Смерть белой мыши - страница 28

стр.

— Он сказал, что для того, чтобы быть в состоянии помочь другим, он должен сначала спасти себя. На что я — вы меня уже немного знаете — сказала, что этого не случится ни в коем случае. Человек, способный бросить всех и вся вокруг себя, не спасется никогда. Это были последние слова, прозвучавшие между нами. А своей жене Мартин заявил: «Считайте, что я умер». Он развелся с ней перед отъездом.

Анна помолчала.

— Это, конечно, все моя вина. Плохая мать! Я его баловала, а надо было строжить.

— От гниения одинаково предохраняют и соль, и сахар, — дипломатично возразил я.

А Анна вдруг опять стала молодой, как тогда в машине. Губы сжались в едва сдерживаемой насмешке, глаза засияли.

— Я только замужем была четыре раза. Мартин родился от второго мужа — его звали Ари, Ари Кокко. Смешная фамилия, да? Я, когда была в хорошем настроении, звала его на французский манер: Коко. Это значит Цыпа.

Я кивнул — французский язык в моем наборе.

— Ари был лесопромышленником. Мы жили в Хельсинки, а его леса и заводы находились на севере. Муж все время ездил туда. Это-то и погубило наш брак.

Анна улыбнулась своим воспоминаниям. Было ясно, что повод для развода дал не этот Цыпа.

— Я влюбилась в одного шведа, — продолжала Анна. — Очень богатого — у него был свой остров около Гётеборга. Небольшой такой, но весь его. — Взгляд Анны вдруг потемнел, но я уже привык к таким перепадам. — Жуткая оказался сволочь! И скряга.

Анна открыла очередной штофчик и наполнила нам рюмки. Она, на русский манер, вытащила все свои бутылочки из шкафа и выстроила их на столе. Чтобы не запутаться, попробованную наливку мы отставляли подальше, так что у нас на столе было два ряда.

— Это что у нас? Брусничная. Ну, ваше здоровье!

— Ваше здоровье!

Мы с той встречи с Марет окончательно перешли на русский.

— А кем вы работали? — спросил я. — Вы работали?

Анна снова просияла. Поразительно, как ее сухое морщинистое лицо преображалось, когда она вспоминала свою, как теперь выяснялось, бурную жизнь.

— Я была балериной. Не самой выдающейся. Но училась в Вагановском училище в Ленинграде, потом танцевала в Кировском театре. Не заглавные партии, но и не в кордебалете. А в середине шестидесятых меня забросили в Финляндию. Вот там-то я стала примой: Китри танцевала, Одетту-Одилию.
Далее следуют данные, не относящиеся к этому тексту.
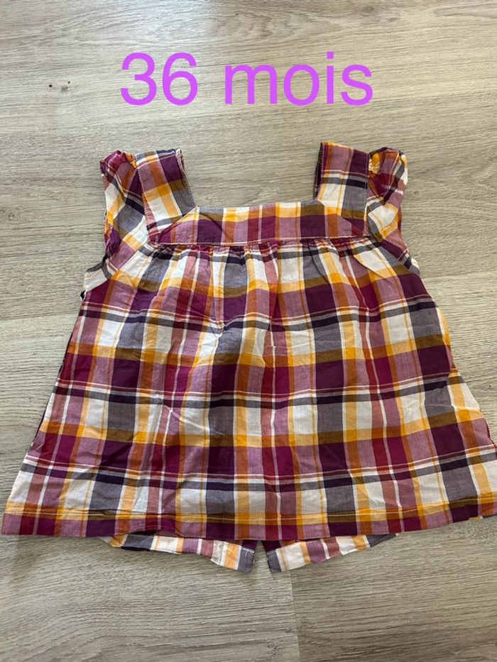 Blouse sans manches. Boutons dans le dos. Se porte large. Taille : 36 mois, 94 cm. Marque : Vertbaudet. #3ansfillelulvque
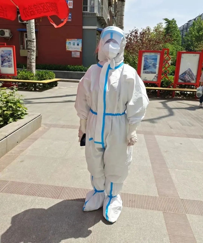 共產黨員單安琪在通州區翠景北里社區參加入戶調查和消殺工作。

— Что-то я не помню ничего похожего, — сказал я. — Это были такие громкие дела, когда кто-то оставался на Западе. Нуриев, Барышников!

— Как вы можете помнить — вы же были ребенком! И потом, я не была невозвращенкой. Я вышла замуж за иностранца — финна — и уехала жить к нему. И продолжала танцевать: и в Хельсинки, и в Стокгольме, и в Осло. Я ушла со сцены в сорок шесть лет, а сесть в шпагат или сделать парочку фуэте, наверное, смогу и сейчас, — небрежно, как всегда, когда Анне было чем гордиться, сказала она.

— Вы сказали «забросили». Значит, на вас вышли, когда вы были совсем молоденькой?

Анна посмотрела на меня, как бы оценивая, стоит ли мне это рассказывать.

— Это долгая история. Мой отец был эстонцем. Я, странно, плохо помню его лицо, но очень хорошо — руки. Они были очень большими, а ногти он стриг совсем коротко, так что на кончиках пальцев у него были как бы такие валики из кожи. Отец был настоящим силачом: он сажал меня на ладонь и поднимал к самому потолку. Я, помню, визжала от счастья и ужаса. И мама тоже кричала — от ужаса.

— А где вы жили?

— В Советском Союзе. В конце Первой мировой отец совсем молодым пареньком работал на железной дороге помощником машиниста: возил солдат из Петрограда на фронт. Его вот-вот должны были призвать в армию, но тут случилась революция. Эстония осталась под немцами, потом по Версальскому договору получила независимость, а отец оказался по ту сторону фронта. Он примкнул к большевикам, воевал с Юденичем, потом выучился на машиниста и женился на русской. Мама была комсомолкой, они оба в это верили. Ну, что они построят самый справедливый мир. Они жили в Пскове, а когда в сороковом СССР вернул себе Прибалтику, отец увез нас в Тарту. Его родители жили в Тарту — они не виделись больше двадцати лет. А мне тогда было пять. Так что я помню не все. Что было потом, я знаю по рассказам бабушки и дедушки.